How to train chest muscles using supine board?

How to train chest muscles using supine board?

Perfect chest muscles are every man's dream. Chest muscles are not only a reflection of health and strength, but also can demonstrate a person's vitality and charm. Being a sports expert can indeed add a lot of points to an individual. There are many ways to train your chest muscles, and sit-ups can achieve very good results. But some people still don’t know how to do sit-ups correctly, so how do you train your chest muscles on a supine board?

Sit-ups are an exercise that many people are very familiar with. When doing sit-ups, most people have to hook their feet on something so that they can use their waist to exert force to complete the movement. Therefore, when practicing at home, it is appropriate to spend one or two hundred yuan to buy a supine board. Do sit-ups to exercise the six abdominal muscles and quickly burn abdominal fat. You can also do push-ups, push-ups and other exercises to strengthen your upper limb strength. Since the supine board is small in size and light in weight, it is easy to move and occupies little space.

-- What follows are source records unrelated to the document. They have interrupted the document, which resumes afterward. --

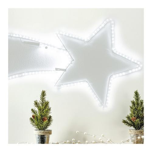 Stella Cometa 65cm SMD Strip 196 LED BIANCO (2m), gioco di luce automatico FlashLED Diamond (182 luce fissa + 14 lampeggio veloce), Telaio metallo verniciato bianco, Trasformatore Bassa Tensione di Sicurezza, IP44 uso Esterno e Interno, Cavo di Alimentazione Trasparente 4m, Dimensioni 4m+65x28cm
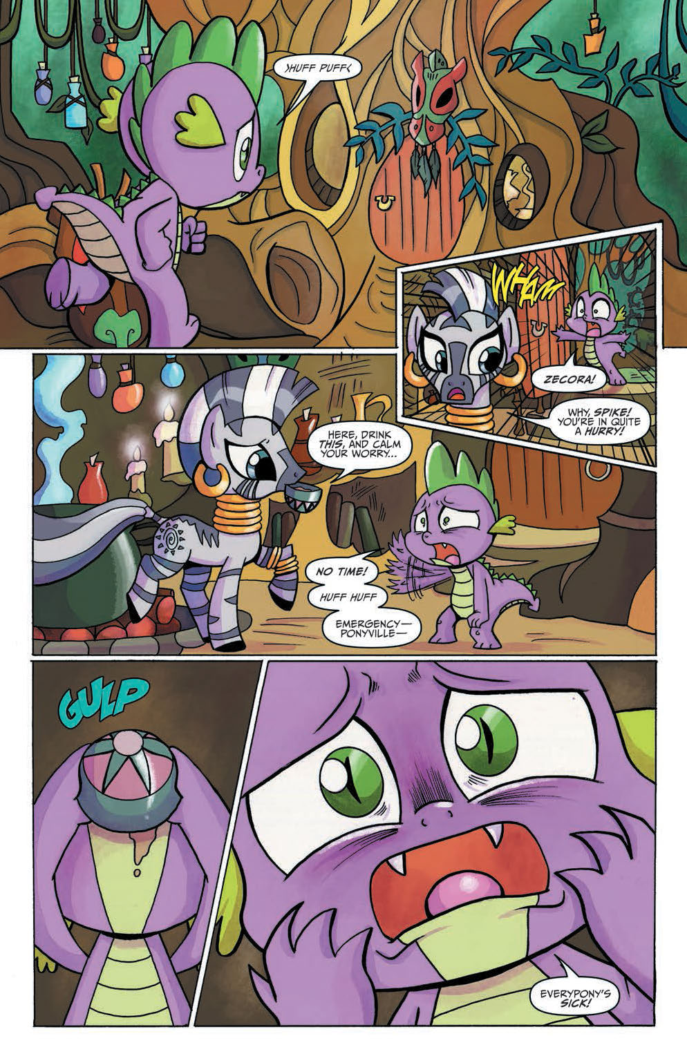 A strange flu has descended over Ponyville! Only two friends find themselves immune… Spike and Zecora? Will the unusual pair be able to find a cure?
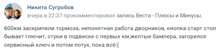 Некоторые владельцы Vesta NG, которые успели проехать более 10 тыс.км., отмечают, что передние колодки требуют замены. Проблема в том, что в дилерских центрах не могут заменить передние тормозные колодки, т.к. их еще не отгружает Лада Имидж (официальным дистрибьютор АВТОВАЗа по реализации запасных частей к автомобилям LADA). Неизвестен даже артикул этих расходников.
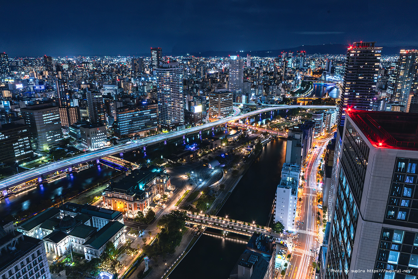 大阪の歴史ある建築物の威厳のある姿、最先端の高層ビル群、「水都の名は大阪のもんです」と言わんばかりな中之島の水景、と要素盛りだくさんな夜景が楽しめる夜景スポットです。
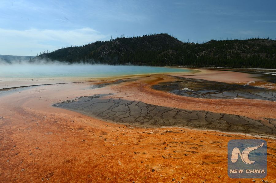 Photo taken on Aug. 19, 2013 shows the scenery of Grand Prismatic Spring in Yellowstone National Park, the United States. Established in 1872, Yellowstone was the first national park in the world and is known for its wildlife and many geothermal features. (Xinhua/Wang Lei)
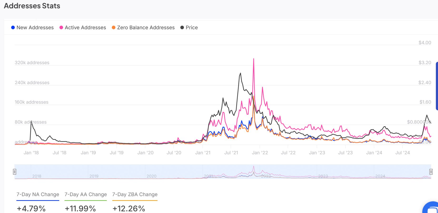 Cardano 的网络活动反映出投资者和用户重新燃起的兴趣。过去一周,新地址增加了 4.79%,活跃地址更是大幅增加了 11.99%。

Generally, the height of the sit-up board can be adjusted. The higher the height, the greater the intensity of the sit-up. When you first start, start from the lowest point and gradually increase the height. After about a month of training, you can try to go up a level. But the height cannot be too high. For ordinary fitness enthusiasts, 40 to 45 degrees is enough.

Other ways to train your chest muscles:

1. Kneeling push-ups. First, let’s talk about the preparatory movements. Support your body with your hands, kneel on the ground, and cross your legs naturally. The distance between your hands should be wider than shoulder width, and you should be ready to move.

2. The formal action of kneeling push-up. Press your body down as much as possible, with your chest close to the ground. When you reach the lowest point, push your body up. Be careful not to go too fast. Basically, you can complete one beat in 2-3 seconds. One beat means pressing your body down and pushing it up once.

3. Elevated push-ups. Preparation: Put your legs up high, about 30-50 cm in height, with your knees on the ground and your hands on the ground. The specific instructions are similar to step one.

Mastering the correct connection method is the first condition for exercise. Otherwise, if you do it casually without thinking about it, not only may you fail to train your chest muscles smoothly, but you may also cause muscle and ligament strains, etc. It can be seen that the correct way of exercising is very necessary and may achieve twice the result with half the effort.